Records for processing »
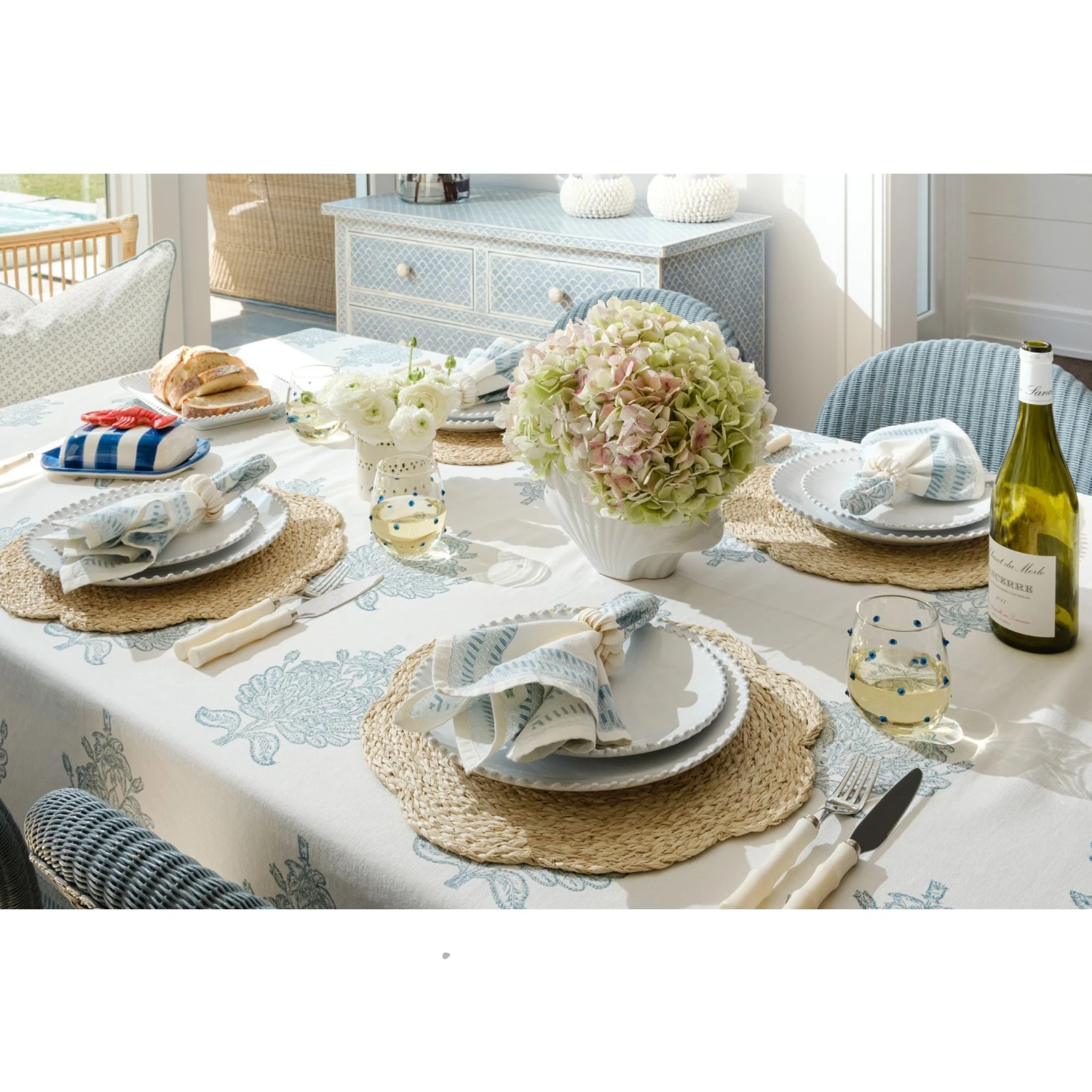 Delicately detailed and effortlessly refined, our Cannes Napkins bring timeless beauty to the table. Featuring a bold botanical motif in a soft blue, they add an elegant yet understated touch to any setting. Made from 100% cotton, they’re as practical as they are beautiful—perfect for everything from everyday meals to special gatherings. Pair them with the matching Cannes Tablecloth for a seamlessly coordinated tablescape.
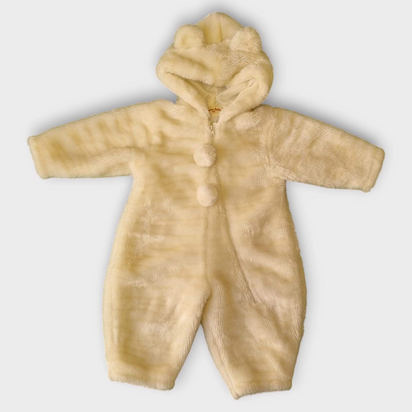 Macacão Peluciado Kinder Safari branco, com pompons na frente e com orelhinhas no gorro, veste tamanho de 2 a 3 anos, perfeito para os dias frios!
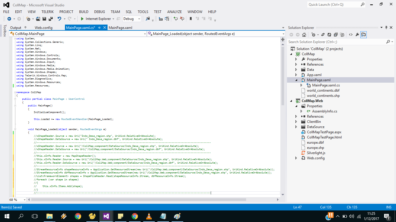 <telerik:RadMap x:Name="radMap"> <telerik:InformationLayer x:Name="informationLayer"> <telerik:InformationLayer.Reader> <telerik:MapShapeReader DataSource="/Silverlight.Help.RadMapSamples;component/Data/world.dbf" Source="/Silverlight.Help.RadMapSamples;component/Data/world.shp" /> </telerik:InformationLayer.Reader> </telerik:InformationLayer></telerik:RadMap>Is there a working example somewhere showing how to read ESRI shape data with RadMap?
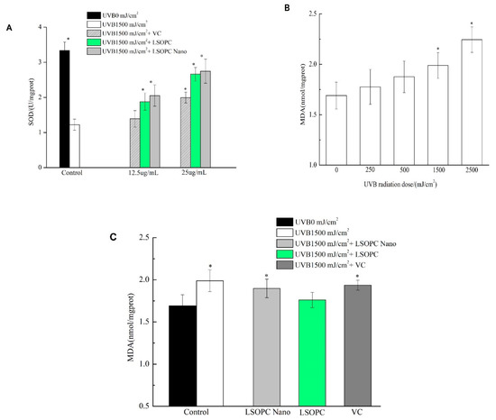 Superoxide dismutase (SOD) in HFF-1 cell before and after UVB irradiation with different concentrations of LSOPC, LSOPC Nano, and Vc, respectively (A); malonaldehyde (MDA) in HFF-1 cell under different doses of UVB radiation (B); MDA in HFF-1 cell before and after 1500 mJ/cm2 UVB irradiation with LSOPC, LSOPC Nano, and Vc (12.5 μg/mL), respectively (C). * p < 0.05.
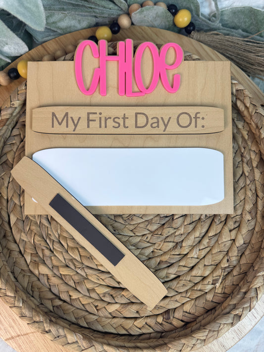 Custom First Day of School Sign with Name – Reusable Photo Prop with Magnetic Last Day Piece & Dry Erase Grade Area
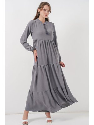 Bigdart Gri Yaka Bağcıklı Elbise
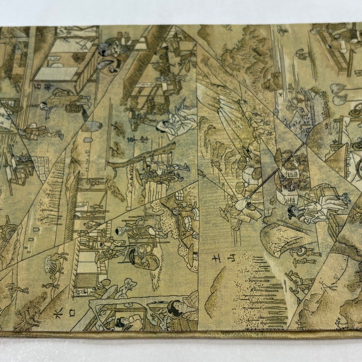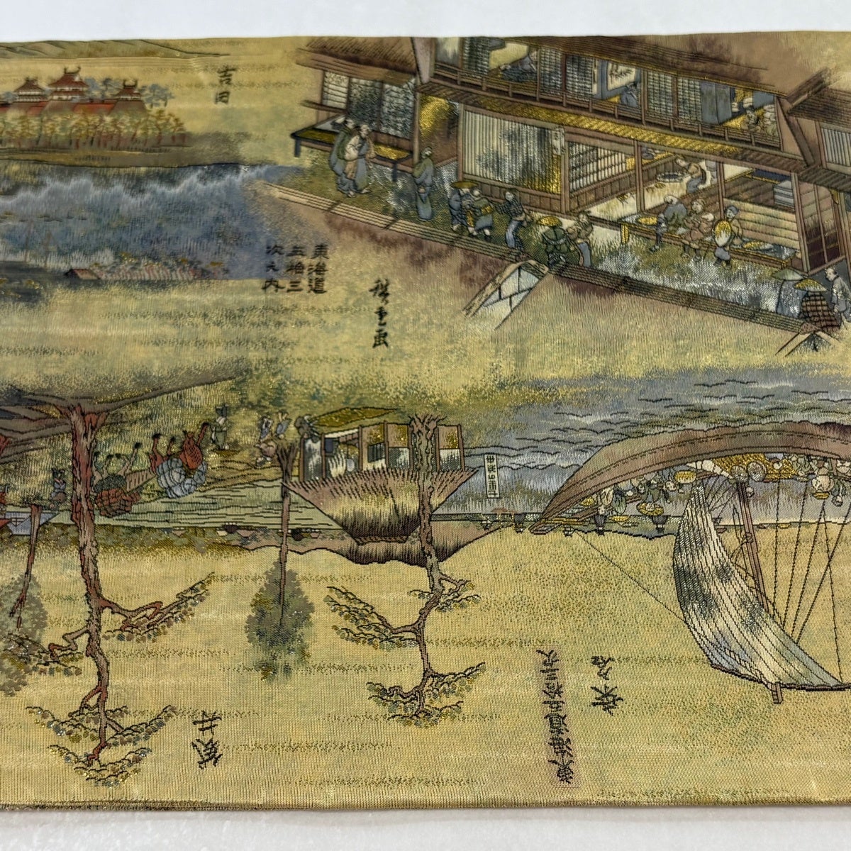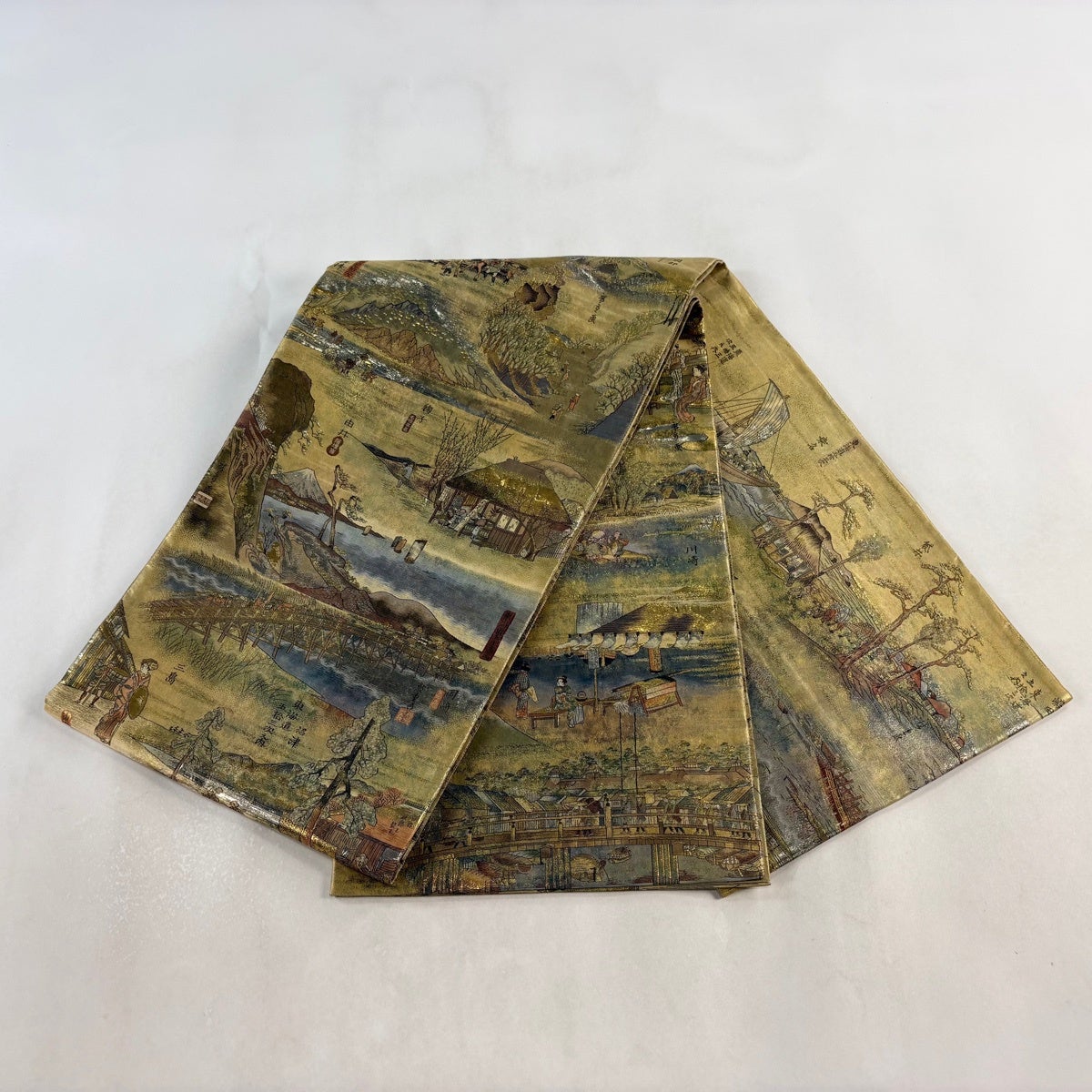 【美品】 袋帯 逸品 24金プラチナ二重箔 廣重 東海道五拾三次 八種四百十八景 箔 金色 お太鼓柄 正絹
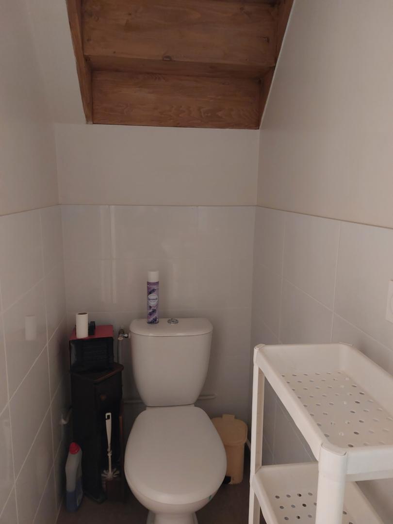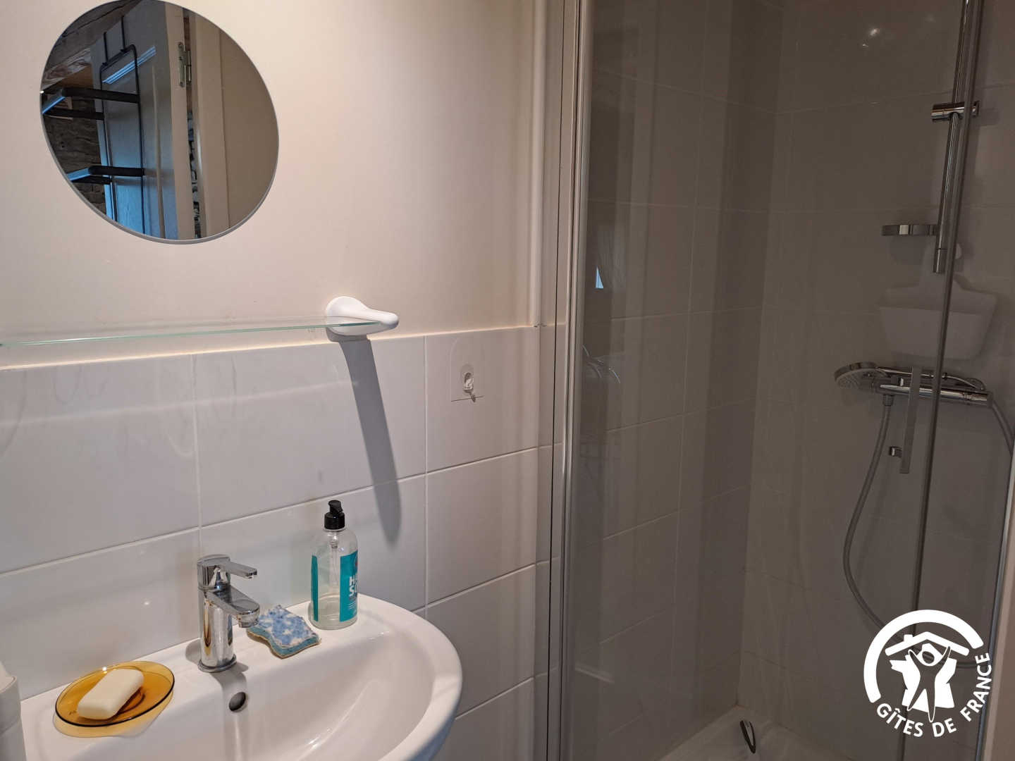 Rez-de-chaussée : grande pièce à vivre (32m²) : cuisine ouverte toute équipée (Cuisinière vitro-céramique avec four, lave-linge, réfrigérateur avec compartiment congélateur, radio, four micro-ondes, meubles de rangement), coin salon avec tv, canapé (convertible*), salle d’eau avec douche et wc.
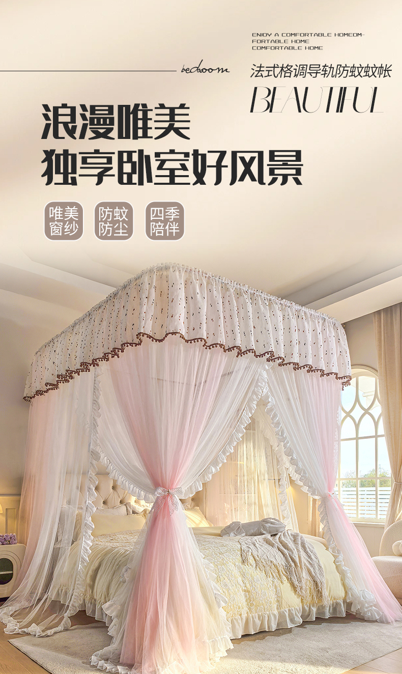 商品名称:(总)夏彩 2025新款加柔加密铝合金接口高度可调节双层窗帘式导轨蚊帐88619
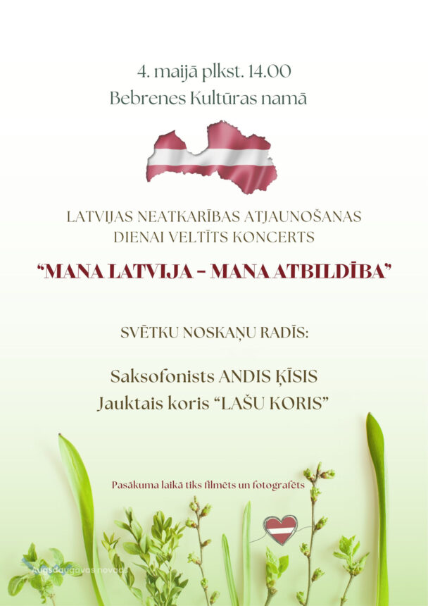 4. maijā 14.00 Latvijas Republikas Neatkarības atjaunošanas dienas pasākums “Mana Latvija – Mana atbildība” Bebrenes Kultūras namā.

What you should do » The required output is every line from the beginning of the material above through the line with "data with RadMap?", exact and without pictures.

Response below »
 Delicately detailed and effortlessly refined, our Cannes Napkins bring timeless beauty to the table. Featuring a bold botanical motif in a soft blue, they add an elegant yet understated touch to any setting. Made from 100% cotton, they’re as practical as they are beautiful—perfect for everything from everyday meals to special gatherings. Pair them with the matching Cannes Tablecloth for a seamlessly coordinated tablescape.
 Macacão Peluciado Kinder Safari branco, com pompons na frente e com orelhinhas no gorro, veste tamanho de 2 a 3 anos, perfeito para os dias frios!
 <telerik:RadMap x:Name="radMap"> <telerik:InformationLayer x:Name="informationLayer"> <telerik:InformationLayer.Reader> <telerik:MapShapeReader DataSource="/Silverlight.Help.RadMapSamples;component/Data/world.dbf" Source="/Silverlight.Help.RadMapSamples;component/Data/world.shp" /> </telerik:InformationLayer.Reader> </telerik:InformationLayer></telerik:RadMap>Is there a working example somewhere showing how to read ESRI shape data with RadMap?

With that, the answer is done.